:: What is expected ::
Copy out only the lines running from the one that contains "Capacidade de carga: 14" through the end of the listing. Pictures stay out.
** Opening Material provided block **
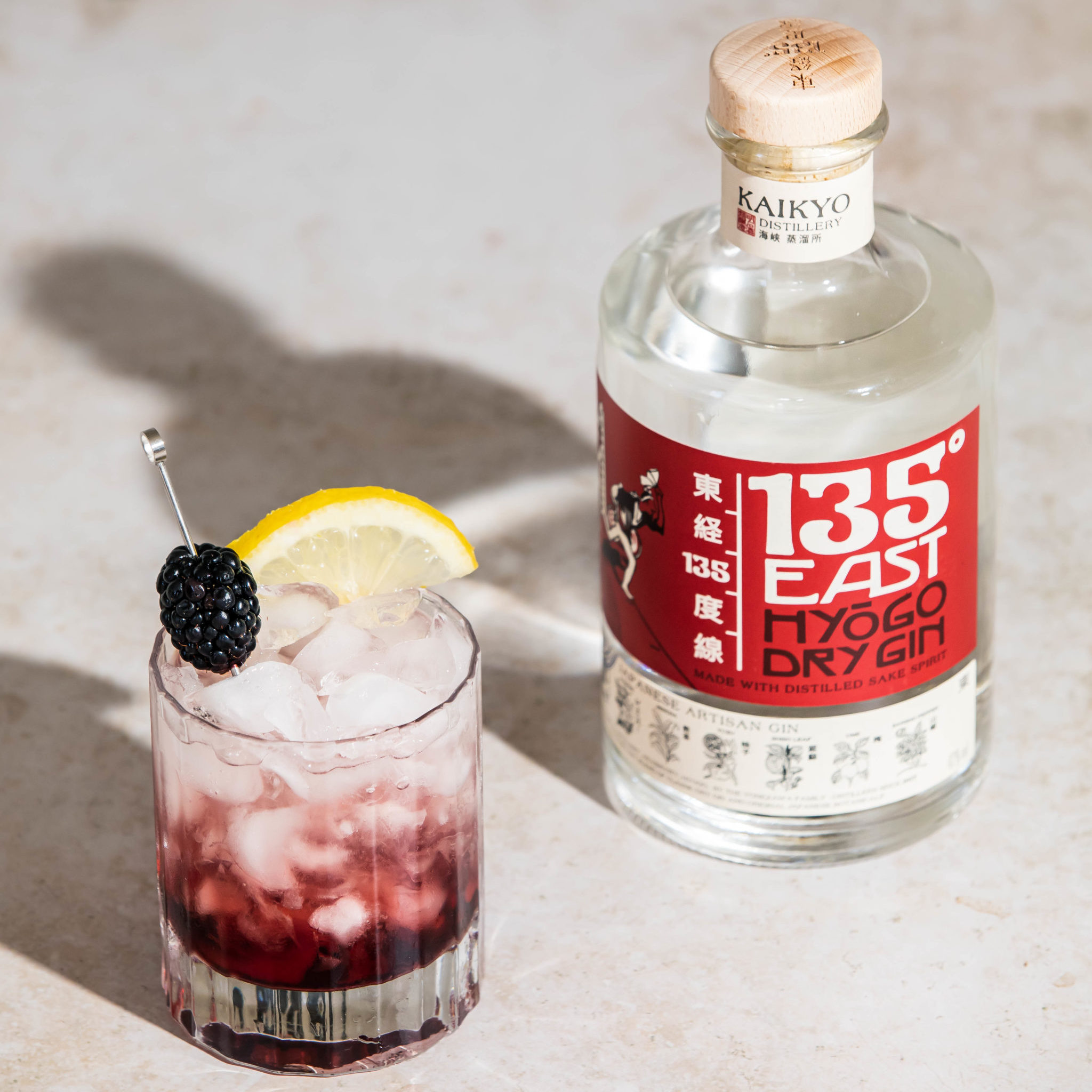 Tumbler mit Crushed Eis füllen, 135° East Gin, Yuzu-oder Zitronensaft und Zuckersirup hinzufügen und vorsichtig umrühren. Langsam in kreisenden Bewegungen den Brombeersirup über das Eis geben und servieren.
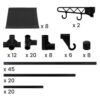 Capacidade de carga: 14 kg por barra para cabides; 11 kg por prateleira lateral
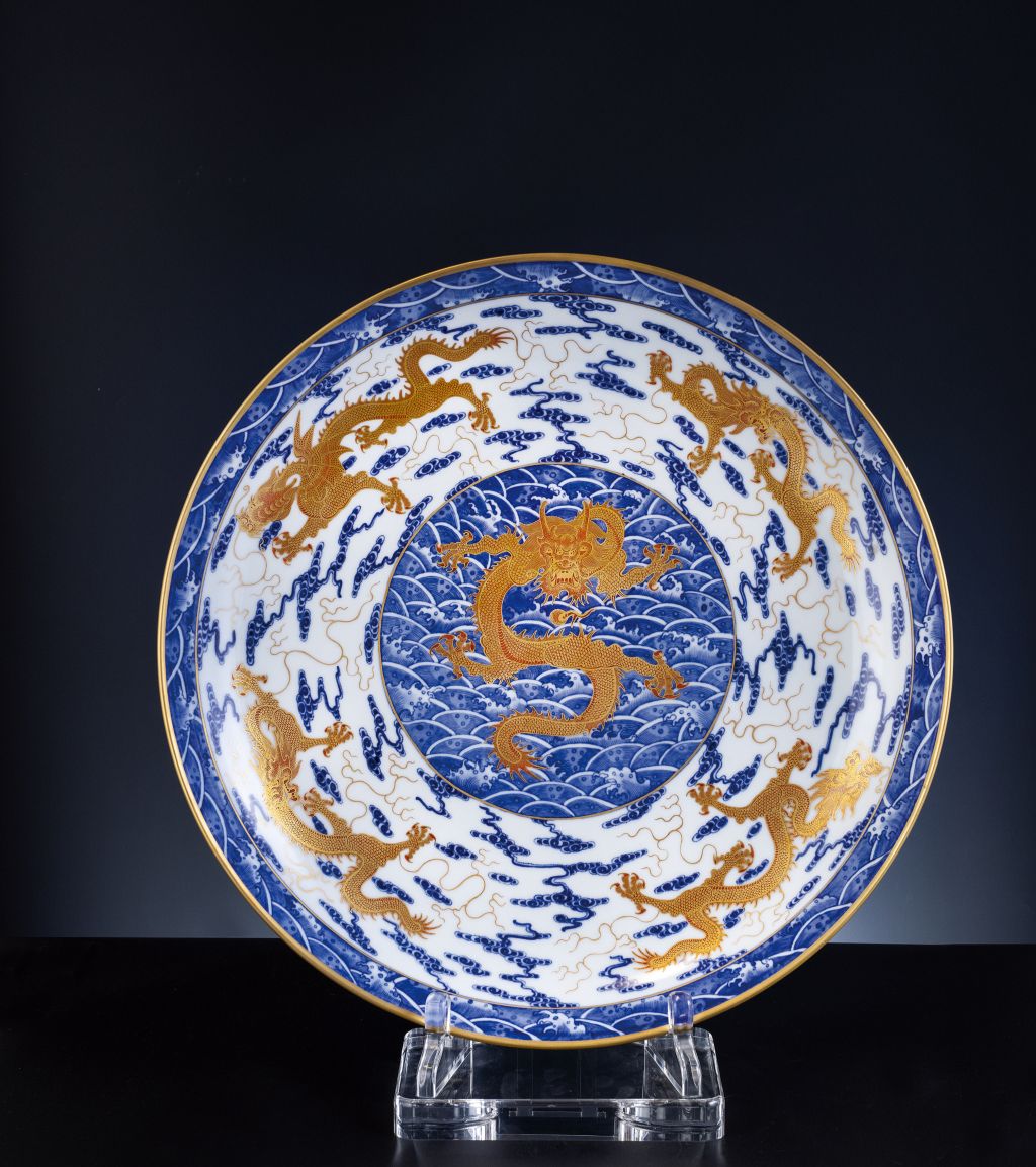 展厅中心,两件瓷器重器静置于特制展柜内,左边,一件清康熙款青花万寿大尊巍然屹立,尊高逾七十厘米,通体以青花篆书布满一万个形态万千的“寿”字,布局谨慎如漫山遍野,青花发色沉稳,釉面温润如玉;与之相照应的,是一件清乾隆款青花红彩描金云龙纹大盘,盘心一条五爪金龙腾跃于云海之间,青花勾勒的祥云与矾红绘就的龙身构成激烈比照,再以纯金描绘龙鳞细节,金光熠熠,这两件珍品领衔的清代瓷器展,将观众带入清代我国陶瓷技艺的黄金时代。
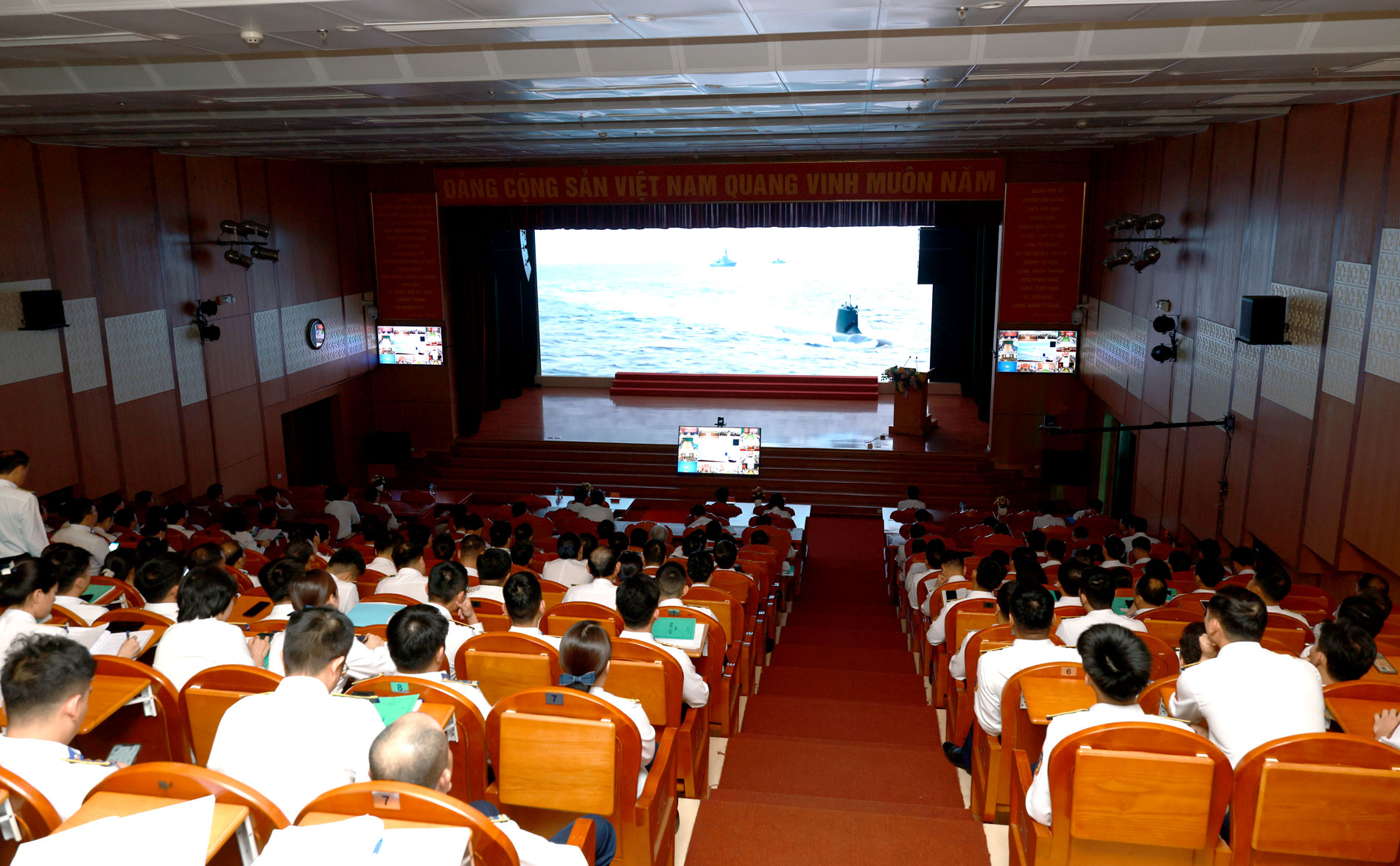 Cán bộ, nhân viên Cảnh sát biển Việt Nam tại các điểm cầu xem băng hình tổng hợp do Cục Khoa học Quân sự/Bộ Quốc phòng sản xuất tháng 3 năm 2026.
** Closing Material provided block **
:: Answer below ::
 Capacidade de carga: 14 kg por barra para cabides; 11 kg por prateleira lateral
 展厅中心,两件瓷器重器静置于特制展柜内,左边,一件清康熙款青花万寿大尊巍然屹立,尊高逾七十厘米,通体以青花篆书布满一万个形态万千的“寿”字,布局谨慎如漫山遍野,青花发色沉稳,釉面温润如玉;与之相照应的,是一件清乾隆款青花红彩描金云龙纹大盘,盘心一条五爪金龙腾跃于云海之间,青花勾勒的祥云与矾红绘就的龙身构成激烈比照,再以纯金描绘龙鳞细节,金光熠熠,这两件珍品领衔的清代瓷器展,将观众带入清代我国陶瓷技艺的黄金时代。
 Cán bộ, nhân viên Cảnh sát biển Việt Nam tại các điểm cầu xem băng hình tổng hợp do Cục Khoa học Quân sự/Bộ Quốc phòng sản xuất tháng 3 năm 2026.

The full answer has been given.